A kind of algorithm retrieving identical master slave relation data based on relational database from large data

Technical field

The present invention relates to based on relational database, be specifically related to a kind of algorithm retrieving identical master slave relation data based on relational database from large data.

Background technology

Enter large data age, with data-driven development, thus raising business decision ability and public service quality become enterprise's trend.For in the analysis of mass data, data type comprises structural data, unstructured data, semi-structured data, and wherein structural data includes again simple structure data and complex types of data.For simple structured data, such as character type, digital data directly can carry out statistical study by database SQL, such as, GROUPBY statement can be utilized to carry out Querying by group, thus find out identical data; Also can compare the circulation of data in employing program, thus find out data completely.When mass data, namely the Data Comparison of this simple types can significantly improve calculated performance by optimization data storehouse, optimized algorithm.But for the analyses and comparison of master slave relation data, then lack efficient search method easily.

Summary of the invention

Technical assignment of the present invention is for the deficiencies in the prior art, provides a kind of algorithm retrieving identical master slave relation data based on relational database from large data.For magnanimity host-guest architecture data in business data, provide a kind of quick-searching to go out the method for identical recordings, thus provide data supporting for the management and control analysis of enterprise.
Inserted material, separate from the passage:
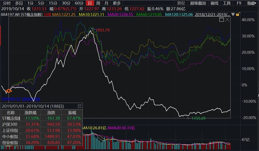 如果说去年年底至今年4月底,ST概念指数与上证综指、沪深300、中小板指、创业板指等主要指数走势大体保持一致的话,Wind数据显示,自今年5月开始,ST概念指数走势就开始与上述主要指数“分道扬镳”,即便是其他主要指数大幅上涨,ST概念指数整体也表现平平。截至10月14日收盘,在今年主要指数上涨20%以上的大背景下,ST概念指数却下跌11.59%。

The technical solution adopted for the present invention to solve the technical problems is:

A kind of algorithm retrieving identical master slave relation data based on relational database from large data, it is a kind of algorithm carrying out comparing in mass data, adopt " changing little greatly; point behind first face ", utilize packet traverses, middle table to store scheduling algorithm and progressively reduce comparing scope, efficient retrieval goes out identical record.

By extract master-salve table grouping according to-determine order of packets-performs grouping, in execution grouping process, progressively reduce the algorithm of data area in conjunction with ergodic algorithm and middle table storage.

Of the present inventionly a kind ofly from large data, retrieve the algorithm of identical master slave relation data compared with prior art based on relational database, the beneficial effect produced is: the present invention is directed to magnanimity host-guest architecture data in business data, and the method that quick-searching goes out identical recordings is applicable to the various situations that needing in enterprise managing retrieves identical host-guest architecture data.The retrieval of same order data, can be applicable to enterprise's falsifying management.Enterprise's falsifying can upset the market order of enterprise product, causes market to engage in internal strife, price is chaotic, have a strong impact on manufacturer's reputation.For the management and control analysis of enterprise's falsifying, will by embodying the analysis of order, wherein analysis mode is exactly find out an identical order from magnanimity order, then whether has that artificial malice brushes list, false order, internal staff gang up down the situation that goods etc. causes falsifying by finding out the judgement of same order.Finally, strengthen the management and control ability of enterprise, for better market environment is built by enterprise, improve enterprise competitiveness.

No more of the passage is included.